Он обернулся. Круг света от стола стал меньше, две свечи погасли. Мрак
еще сгустился, оттого что луна скрылась за чаще наплывавшими теперь
облаками. Мануэль избегал выходить на свет. Еще минуту он стоял
неподвижно, вглядываясь в темноте во что-то наискось от себя. Потом вдруг
зашагал, заскользил белой тенью (поистине собственной тенью) по ближнему к
реке краю поляны, прошел между деревьями, окаймлявшими луг, обогнул угол
лагеря и вскоре опять очутился на краю косы, возле той самой березы,
которая сегодня вечером, когда у него вырвался последний зов, стала опорой
его слабости. Но на сей раз он поспешил мимо, пересек косу, ступая до
странности бесшумно, хотя ничто его к этому не принуждало; ноги его, как у
лунатика, сами обходили камни и любые иные препятствия. Изредка слышалось
лишь нежное позвякиванье шпор. Через некоторое время, выйдя на дорогу,
которая здесь, опоясав луг, вновь подводила к реке, он перешагнул через
колею и пошел рядом, по мягкой траве, приглушавшей звук его шагов даже для
него самого. Освещение все время менялось: то ландшафт вдруг широко
раскрывал глаза в сиянии выплывшего месяца, так что горы на другом берегу
светились серебром, то набежавшая кучка облаков вновь погружала все в
глубокую тьму. Когда граф Мануэль подошел к усадьбе Брандтера, он бесшумно
и без раздумий обогнул мастерскую и каретный сарай, вошел во двор и увидел
прямо перед собой освещенные окна горницы. В глубине двора, с узкой его
стороны, там, где он был замкнут поставленной под прямым углом к дому
пристройкой, к входной двери вела лестница ступенек в десять из нетесаного
камня, как принято повсюду в Штирии. Оттуда, с крыльца, наверное, видно
большую горницу, окна которой выходят на широкую сторону двора.

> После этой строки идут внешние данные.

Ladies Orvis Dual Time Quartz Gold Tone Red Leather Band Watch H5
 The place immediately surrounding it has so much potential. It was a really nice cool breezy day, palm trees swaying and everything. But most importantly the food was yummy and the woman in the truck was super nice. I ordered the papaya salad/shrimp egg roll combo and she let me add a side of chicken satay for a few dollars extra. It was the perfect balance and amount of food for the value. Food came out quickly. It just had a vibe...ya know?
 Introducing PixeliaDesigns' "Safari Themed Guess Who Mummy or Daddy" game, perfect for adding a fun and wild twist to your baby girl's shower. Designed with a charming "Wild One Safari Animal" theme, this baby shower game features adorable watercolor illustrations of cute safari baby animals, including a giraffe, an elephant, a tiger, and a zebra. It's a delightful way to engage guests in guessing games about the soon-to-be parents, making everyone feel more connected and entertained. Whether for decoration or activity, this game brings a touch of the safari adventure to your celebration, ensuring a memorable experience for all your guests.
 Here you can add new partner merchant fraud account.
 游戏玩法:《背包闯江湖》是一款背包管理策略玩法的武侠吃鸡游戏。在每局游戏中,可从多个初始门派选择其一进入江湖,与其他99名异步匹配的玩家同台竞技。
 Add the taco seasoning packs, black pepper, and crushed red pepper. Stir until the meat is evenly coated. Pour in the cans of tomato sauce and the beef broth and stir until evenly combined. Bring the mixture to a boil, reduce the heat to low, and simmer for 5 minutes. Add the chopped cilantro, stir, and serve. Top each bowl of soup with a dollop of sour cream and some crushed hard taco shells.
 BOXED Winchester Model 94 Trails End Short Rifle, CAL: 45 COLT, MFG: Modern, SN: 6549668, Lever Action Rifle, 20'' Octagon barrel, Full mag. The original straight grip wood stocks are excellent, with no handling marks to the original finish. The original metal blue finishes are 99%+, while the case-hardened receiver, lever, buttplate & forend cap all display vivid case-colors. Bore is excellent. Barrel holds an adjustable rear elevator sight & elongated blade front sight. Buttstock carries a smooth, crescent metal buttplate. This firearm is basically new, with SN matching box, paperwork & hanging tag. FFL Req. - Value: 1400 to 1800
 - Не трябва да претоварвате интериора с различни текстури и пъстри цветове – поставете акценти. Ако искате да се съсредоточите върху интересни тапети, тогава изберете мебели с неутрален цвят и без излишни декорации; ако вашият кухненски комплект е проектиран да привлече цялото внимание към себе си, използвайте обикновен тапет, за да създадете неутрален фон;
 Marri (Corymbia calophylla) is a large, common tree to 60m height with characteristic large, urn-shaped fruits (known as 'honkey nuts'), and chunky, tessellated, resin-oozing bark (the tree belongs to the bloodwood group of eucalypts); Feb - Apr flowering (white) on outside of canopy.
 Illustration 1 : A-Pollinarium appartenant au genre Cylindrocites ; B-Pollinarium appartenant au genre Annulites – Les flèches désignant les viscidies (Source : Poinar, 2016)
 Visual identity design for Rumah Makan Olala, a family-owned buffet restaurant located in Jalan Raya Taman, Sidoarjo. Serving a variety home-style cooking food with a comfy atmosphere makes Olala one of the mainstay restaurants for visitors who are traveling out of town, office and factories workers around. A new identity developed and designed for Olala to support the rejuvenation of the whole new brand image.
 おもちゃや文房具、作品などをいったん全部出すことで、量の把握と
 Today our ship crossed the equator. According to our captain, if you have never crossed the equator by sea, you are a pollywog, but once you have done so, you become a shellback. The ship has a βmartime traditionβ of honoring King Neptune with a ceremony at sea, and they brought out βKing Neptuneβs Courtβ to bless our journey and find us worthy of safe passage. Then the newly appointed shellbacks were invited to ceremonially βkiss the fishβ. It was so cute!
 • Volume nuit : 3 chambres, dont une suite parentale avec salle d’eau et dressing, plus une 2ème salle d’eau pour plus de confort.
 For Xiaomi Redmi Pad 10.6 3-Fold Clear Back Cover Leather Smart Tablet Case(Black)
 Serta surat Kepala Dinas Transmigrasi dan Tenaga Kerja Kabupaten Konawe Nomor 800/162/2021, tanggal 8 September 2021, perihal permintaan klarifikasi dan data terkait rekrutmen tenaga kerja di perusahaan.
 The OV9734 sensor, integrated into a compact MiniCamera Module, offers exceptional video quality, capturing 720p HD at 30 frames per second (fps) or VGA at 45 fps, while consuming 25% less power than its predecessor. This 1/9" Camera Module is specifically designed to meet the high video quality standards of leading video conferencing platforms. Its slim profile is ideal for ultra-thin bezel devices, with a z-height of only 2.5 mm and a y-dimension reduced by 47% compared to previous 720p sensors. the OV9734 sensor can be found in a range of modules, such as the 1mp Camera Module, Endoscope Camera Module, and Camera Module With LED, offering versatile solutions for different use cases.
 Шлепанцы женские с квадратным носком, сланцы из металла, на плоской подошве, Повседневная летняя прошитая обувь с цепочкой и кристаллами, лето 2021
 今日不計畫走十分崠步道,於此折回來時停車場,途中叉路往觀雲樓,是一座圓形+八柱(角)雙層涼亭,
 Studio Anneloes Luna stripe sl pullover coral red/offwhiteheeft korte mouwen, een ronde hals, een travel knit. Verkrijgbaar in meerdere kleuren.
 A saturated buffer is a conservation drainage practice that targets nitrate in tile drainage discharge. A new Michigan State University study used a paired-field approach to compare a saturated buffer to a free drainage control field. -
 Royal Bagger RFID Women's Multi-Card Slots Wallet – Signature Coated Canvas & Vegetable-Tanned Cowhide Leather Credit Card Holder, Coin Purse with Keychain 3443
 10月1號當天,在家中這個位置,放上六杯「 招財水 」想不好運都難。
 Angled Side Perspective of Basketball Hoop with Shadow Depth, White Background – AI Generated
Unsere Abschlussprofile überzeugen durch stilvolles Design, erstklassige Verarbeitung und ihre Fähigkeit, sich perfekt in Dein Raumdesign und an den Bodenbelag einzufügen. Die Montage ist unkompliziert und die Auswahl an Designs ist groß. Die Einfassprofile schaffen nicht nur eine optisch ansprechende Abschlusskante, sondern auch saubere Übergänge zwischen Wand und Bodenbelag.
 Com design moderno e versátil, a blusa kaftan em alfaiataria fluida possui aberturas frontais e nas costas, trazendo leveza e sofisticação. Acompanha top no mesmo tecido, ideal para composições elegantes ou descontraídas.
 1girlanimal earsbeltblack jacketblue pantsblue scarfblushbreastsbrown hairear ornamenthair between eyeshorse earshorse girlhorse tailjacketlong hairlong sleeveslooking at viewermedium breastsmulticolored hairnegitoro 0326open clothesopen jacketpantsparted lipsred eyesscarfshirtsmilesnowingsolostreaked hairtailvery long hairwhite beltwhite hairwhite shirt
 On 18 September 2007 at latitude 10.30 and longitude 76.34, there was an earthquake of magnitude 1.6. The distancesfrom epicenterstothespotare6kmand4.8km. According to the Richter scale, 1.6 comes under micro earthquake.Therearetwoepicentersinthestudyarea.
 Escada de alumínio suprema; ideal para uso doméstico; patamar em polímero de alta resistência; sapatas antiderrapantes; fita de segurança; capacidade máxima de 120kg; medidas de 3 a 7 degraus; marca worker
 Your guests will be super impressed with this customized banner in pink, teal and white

Так оно и было. Когда граф Мануэль быстро и бесшумно взошел на верхнюю
площадку лестницы и остановился у дверей, он увидел в ближайшее к нему
окно - одно из трех, занавеси на нем были задернуты неплотно - Ханну и
какого-то мужчину, обнимавшего ее за голые плечи. Когда мужчина поднял
голову, явно после долгого поцелуя, граф Мануэль узнал своего эскадронного
трубача.
Он закрыл глаза, они горели, словно под веками их жгло огнем. Ему стало
худо - казалось, он сейчас извергнет свои внутренности. Потом все вокруг
поплыло. Мануэль почувствовал, что теряет равновесие, стал шарить позади
себя рукой и прислонился к двери. Она подалась, петли громко завизжали -
дверь приоткрылась ровно настолько, насколько позволяла наложенная изнутри
цепочка.
Это было последнее, головокружительное падение в глубочайшую шахту
унижения. Было просто невозможно снова открыть глаза. Сейчас парочка
выглянет из окна и увидит его. Впрочем, это уже совершенно безразлично.
Ибо с этой минуты всякая дальнейшая жизнь становилась нелепицей, чистой
насмешкой. С этой минуты бытия больше не было, начиналось небытие.
Наверху, в горнице, заслышав скрип двери, Ханна испуганно вздрогнула,
высвободилась из объятий трубача и стала прислушиваться.